─── Dataset extract

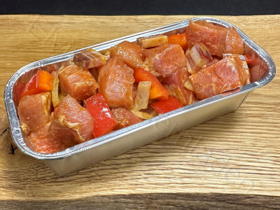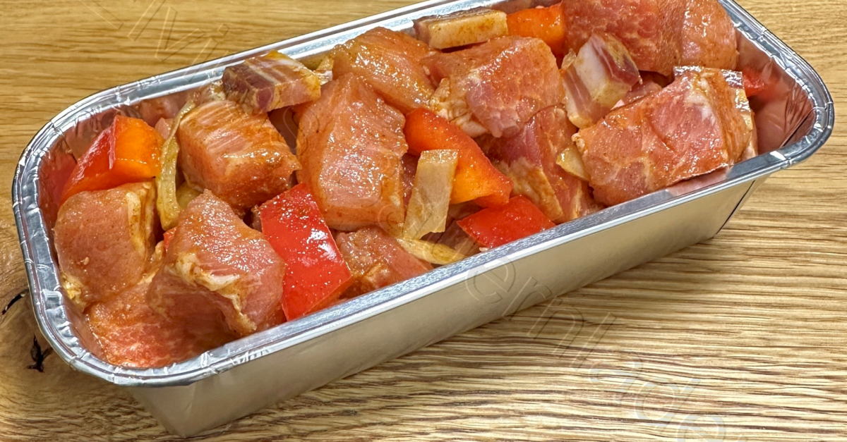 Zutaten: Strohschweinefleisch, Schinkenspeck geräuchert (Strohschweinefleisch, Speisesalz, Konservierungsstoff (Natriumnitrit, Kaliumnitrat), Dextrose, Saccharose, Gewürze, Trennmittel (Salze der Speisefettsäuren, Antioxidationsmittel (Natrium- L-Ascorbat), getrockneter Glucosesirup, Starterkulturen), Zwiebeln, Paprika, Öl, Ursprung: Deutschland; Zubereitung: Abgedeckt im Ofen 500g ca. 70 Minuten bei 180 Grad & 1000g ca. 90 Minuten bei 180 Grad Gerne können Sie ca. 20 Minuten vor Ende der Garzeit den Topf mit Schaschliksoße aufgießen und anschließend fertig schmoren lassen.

──────
─── Dataset extract

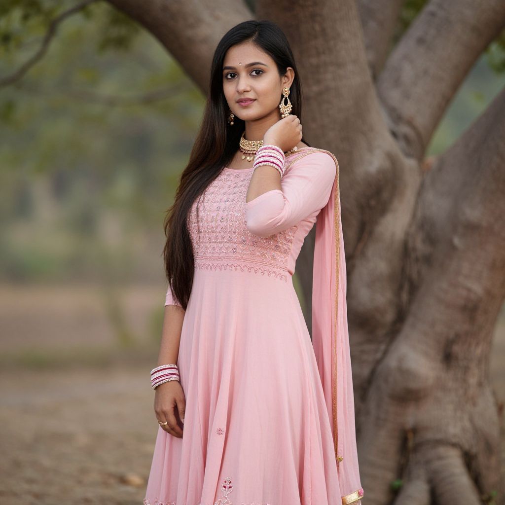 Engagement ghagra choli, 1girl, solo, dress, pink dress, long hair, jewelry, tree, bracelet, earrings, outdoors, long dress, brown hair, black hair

──────
─── Dataset extract

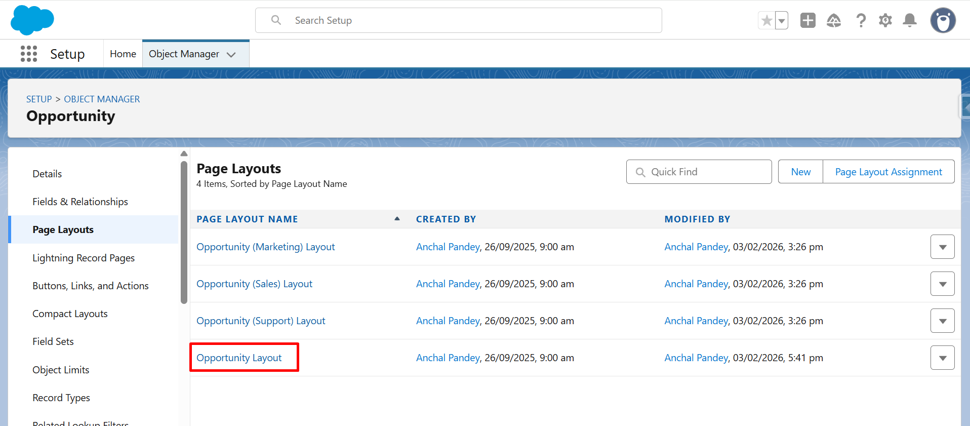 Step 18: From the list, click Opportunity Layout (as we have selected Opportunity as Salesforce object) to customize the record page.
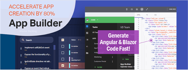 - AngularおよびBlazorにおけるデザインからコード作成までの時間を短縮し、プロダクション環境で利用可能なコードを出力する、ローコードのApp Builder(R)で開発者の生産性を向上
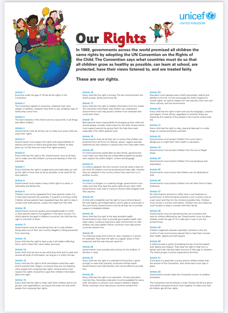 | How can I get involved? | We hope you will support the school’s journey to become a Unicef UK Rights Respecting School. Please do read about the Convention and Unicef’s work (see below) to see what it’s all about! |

──────

Problem to work on: Copy word for word the span of the records above that begins at the line with "Step 18: From" and ends at the line with "all about! |", including those two lines but not the pictures.

Solved exercise:
 Step 18: From the list, click Opportunity Layout (as we have selected Opportunity as Salesforce object) to customize the record page.
 - AngularおよびBlazorにおけるデザインからコード作成までの時間を短縮し、プロダクション環境で利用可能なコードを出力する、ローコードのApp Builder(R)で開発者の生産性を向上
 | How can I get involved? | We hope you will support the school’s journey to become a Unicef UK Rights Respecting School. Please do read about the Convention and Unicef’s work (see below) to see what it’s all about! |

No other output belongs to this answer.